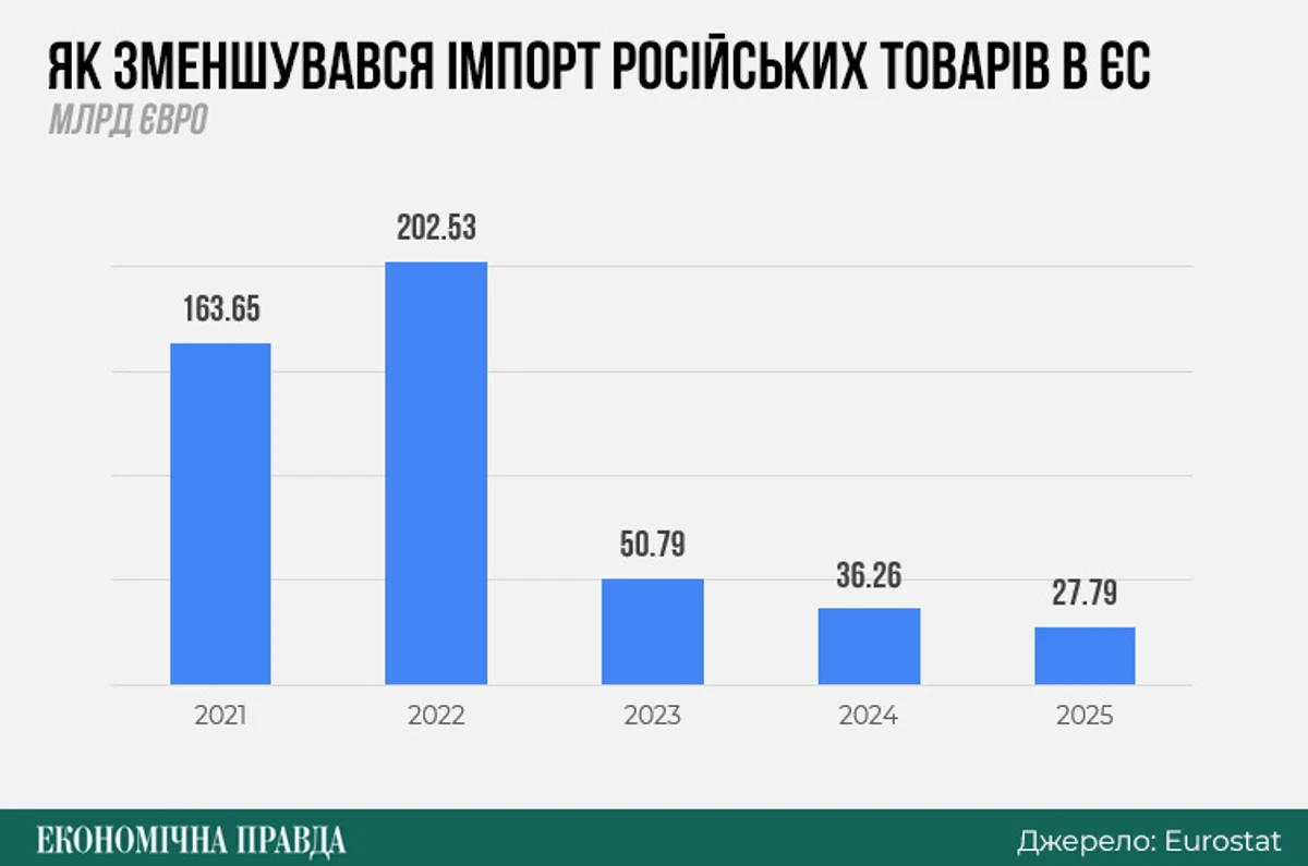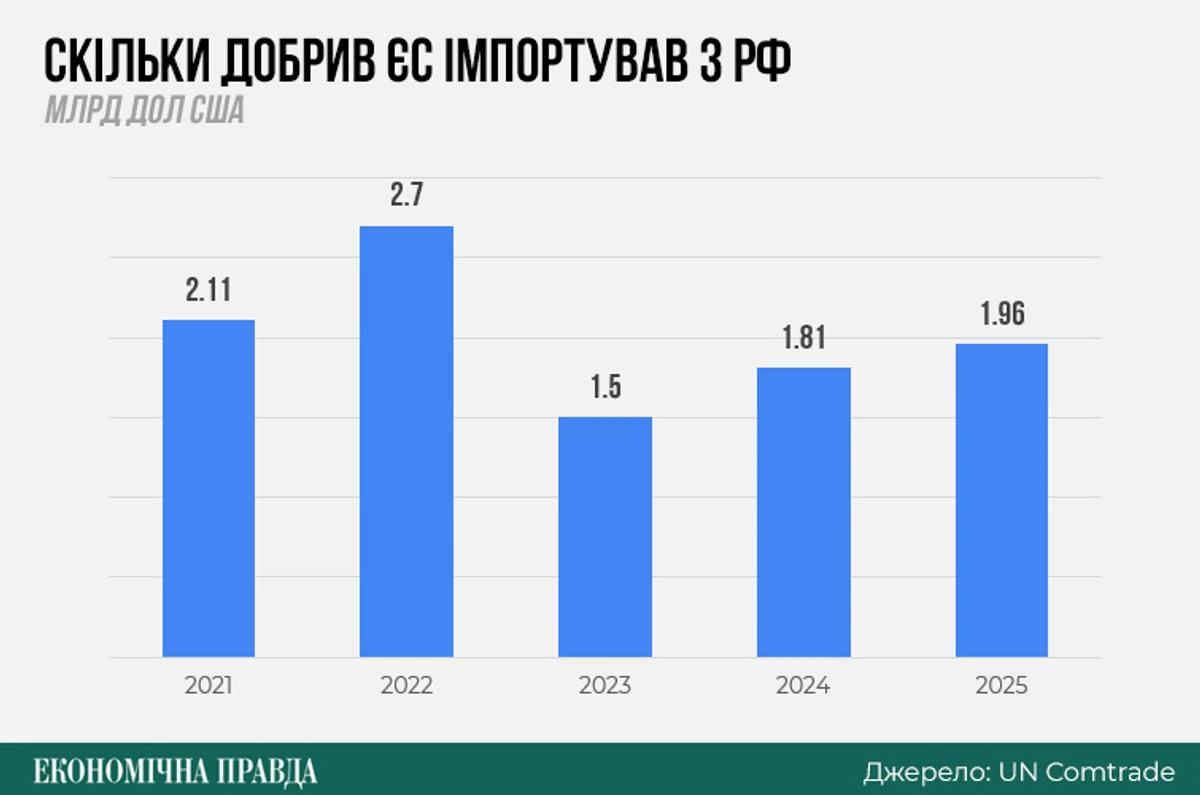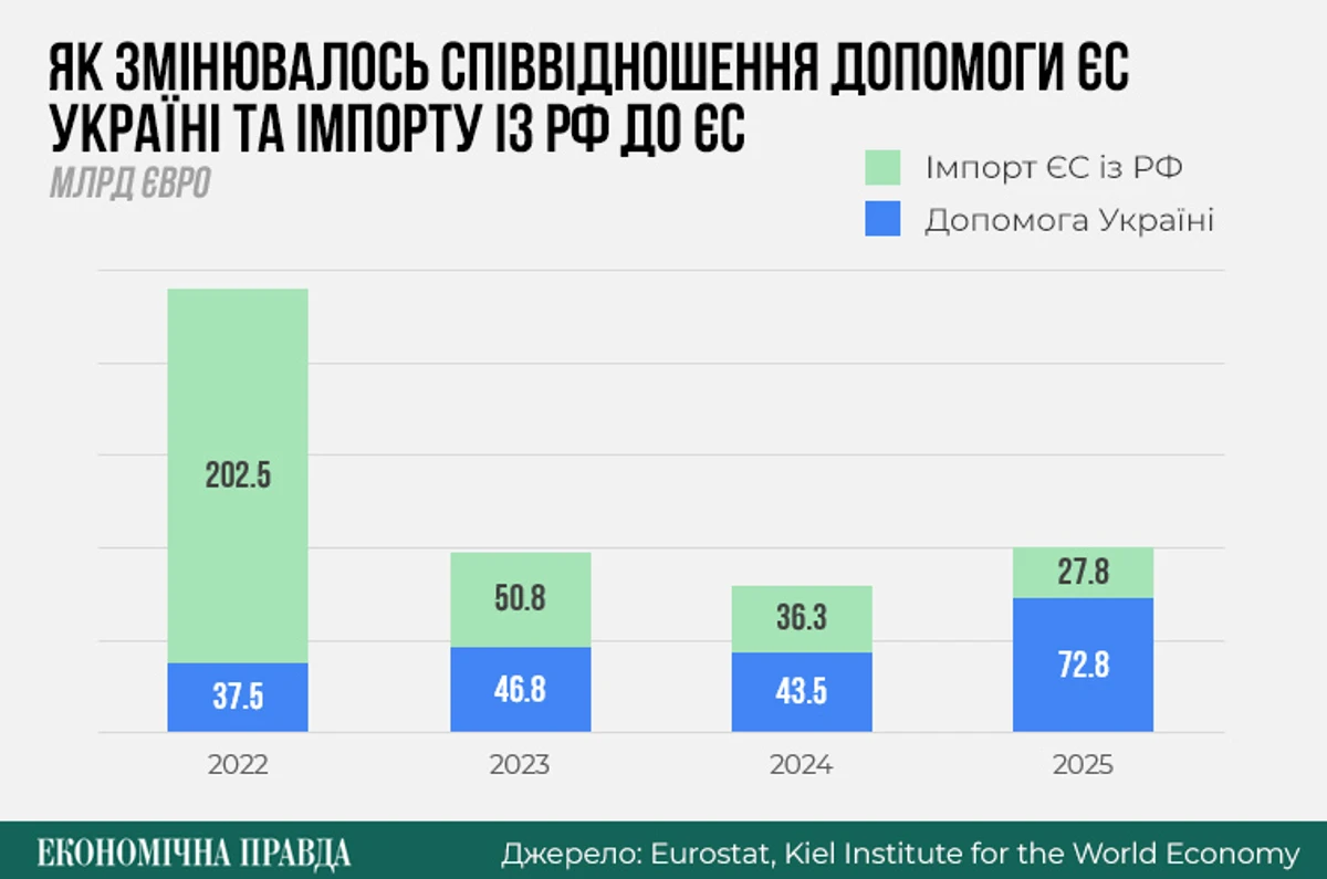 Із січня 2022 року по грудень 2025 року ЄС купив в РФ товарів на 317 млрд євро. Водночас фінансова допомога Україні за цей період, за оцінками Кільського інституту світової економіки, сягнула 201 млрд євро (включно із запланованою).
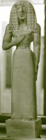 A mítosz szerint művészi féltékenységből unokaöccsét, Talost letaszította az Akropolisról, majd pedig Krétára menekült. Itt híres művek elkészítése fűződik a nevéhez. Táncteret készített Ariadné számára, fából tehenet Minós feleségének, Pasiphaé királynénak, labyrinthost épített a Minótauros számára, aki Pasiphaé királyné félig bika, félig emberi gyermeke volt. A mítosz szerint a királyné beleszeretett egy bikába, és hogy a bika iránti szenvedélyét csillapíthassa, Daidalos elkészítette neki a tehenet, amibe belebújhatott. Minós, Kréta királya ez utóbbi mű miatt vagy mert segédkezett a Minótauros megölésében azzal, hogy ő adta a Théseust megmentő fonalat Ariadnénak, az általa épített labyrinthosba záratta. Innen csak úgy tudott elmenekülni, hogy tollakból és viaszból szárnyakat készített magának és fiának, Ikarosnak. Miközben azonban az égbolton át menekültek, Ikaros túl közel repült a naphoz, megolvadt a tollakat összetartó viasz, a fiú pedig a tengerbe zuhant és meghalt. Daidalos Szicíliába menekült, és ott további műveket alkotott. Daidalost egy, a Kr. e. 7. században kialakult szobrászati stílus feltalálójaként és mestereként is számon tartják, és róla nevezték el daedalikus stílusnak. A stílus jellemzői, hogy a szobrok felépítése az egyiptomi szobrokéhoz hasonló, ám a karok elválnak a testtől, a lábak elválnak egymástól, az alakok szeme pedig jellegzetesen tágra nyitott. A szobrászati újításokon kívül más találmányokat is tulajdonítottak Daidalosnak, pl. a fafaragás, a fűrész, a fejsze és a függőón feltalálását. Valószínűleg azonban arról van itt szó, hogy a hagyomány szívesen kapcsolja egy adott korszak összes vívmányát egy központi alakhoz. Irodalom: H. von Geisau, Der kleine Pauly (1969) 1360-1361. s.v. Daidalos Kerényi K., Görög mitológia, Budapest, 1977. Ritoók Zs.-Sarkadi J.-Szilágyi J.Gy., A görög kultúra aranykora, Budapest, 1984, 126-129. Birkás Éva 2004 |
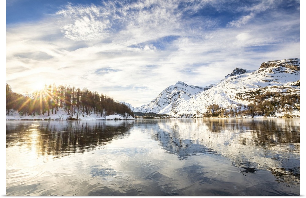 <p>The sun illuminates the icy surfaces of Lake Sils, Engadine Valley, Graubunden, Swiss Alps, Switzerland, Europe</p>
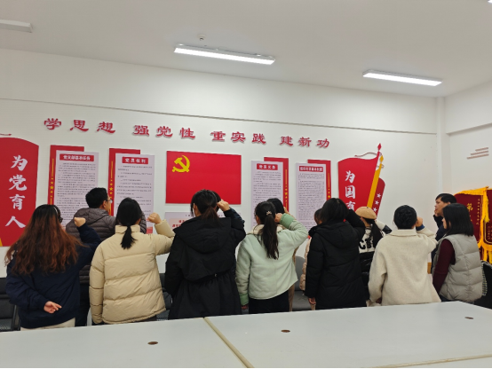 宣誓前,支部集体学习了习近平总书记关于推进党的自我革命“五个进一步到位”的重要要求,全体党员深受教育和启迪。这一重要要求深刻阐述了新时代新征程上党进行自我革命的总体要求、关键环节和实践路径,为青年学生党员深化对党的自我革命的认识、持续推动全面从严治党向基层延伸提供了根本遵循。
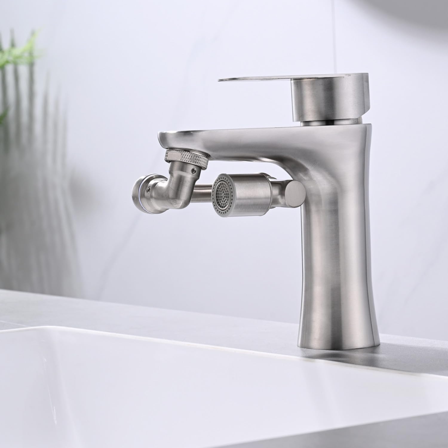 Universal 1080° Swivel Bathroom Faucet Extender with 2 Modes Rotating Faucet Attachment Aerator for kitchen Sink Brushed Nickel
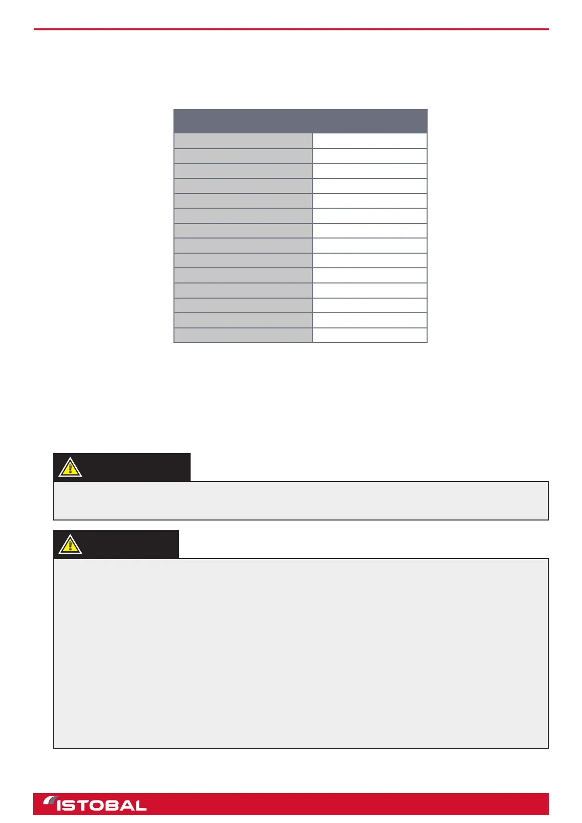 The following table shows the maximum allowable limits set by ISTOBAL.

* * * * * * *

# [About this exercise]
The records above need to be copied exactly, though not their pictures.

# [Written response]
 Із січня 2022 року по грудень 2025 року ЄС купив в РФ товарів на 317 млрд євро. Водночас фінансова допомога Україні за цей період, за оцінками Кільського інституту світової економіки, сягнула 201 млрд євро (включно із запланованою).
 A mítosz szerint művészi féltékenységből unokaöccsét, Talost letaszította az Akropolisról, majd pedig Krétára menekült. Itt híres művek elkészítése fűződik a nevéhez. Táncteret készített Ariadné számára, fából tehenet Minós feleségének, Pasiphaé királynénak, labyrinthost épített a Minótauros számára, aki Pasiphaé királyné félig bika, félig emberi gyermeke volt. A mítosz szerint a királyné beleszeretett egy bikába, és hogy a bika iránti szenvedélyét csillapíthassa, Daidalos elkészítette neki a tehenet, amibe belebújhatott. Minós, Kréta királya ez utóbbi mű miatt vagy mert segédkezett a Minótauros megölésében azzal, hogy ő adta a Théseust megmentő fonalat Ariadnénak, az általa épített labyrinthosba záratta. Innen csak úgy tudott elmenekülni, hogy tollakból és viaszból szárnyakat készített magának és fiának, Ikarosnak. Miközben azonban az égbolton át menekültek, Ikaros túl közel repült a naphoz, megolvadt a tollakat összetartó viasz, a fiú pedig a tengerbe zuhant és meghalt. Daidalos Szicíliába menekült, és ott további műveket alkotott. Daidalost egy, a Kr. e. 7. században kialakult szobrászati stílus feltalálójaként és mestereként is számon tartják, és róla nevezték el daedalikus stílusnak. A stílus jellemzői, hogy a szobrok felépítése az egyiptomi szobrokéhoz hasonló, ám a karok elválnak a testtől, a lábak elválnak egymástól, az alakok szeme pedig jellegzetesen tágra nyitott. A szobrászati újításokon kívül más találmányokat is tulajdonítottak Daidalosnak, pl. a fafaragás, a fűrész, a fejsze és a függőón feltalálását. Valószínűleg azonban arról van itt szó, hogy a hagyomány szívesen kapcsolja egy adott korszak összes vívmányát egy központi alakhoz. Irodalom: H. von Geisau, Der kleine Pauly (1969) 1360-1361. s.v. Daidalos Kerényi K., Görög mitológia, Budapest, 1977. Ritoók Zs.-Sarkadi J.-Szilágyi J.Gy., A görög kultúra aranykora, Budapest, 1984, 126-129. Birkás Éva 2004 |
 <p>The sun illuminates the icy surfaces of Lake Sils, Engadine Valley, Graubunden, Swiss Alps, Switzerland, Europe</p>
 宣誓前,支部集体学习了习近平总书记关于推进党的自我革命“五个进一步到位”的重要要求,全体党员深受教育和启迪。这一重要要求深刻阐述了新时代新征程上党进行自我革命的总体要求、关键环节和实践路径,为青年学生党员深化对党的自我革命的认识、持续推动全面从严治党向基层延伸提供了根本遵循。
 Universal 1080° Swivel Bathroom Faucet Extender with 2 Modes Rotating Faucet Attachment Aerator for kitchen Sink Brushed Nickel
 The following table shows the maximum allowable limits set by ISTOBAL.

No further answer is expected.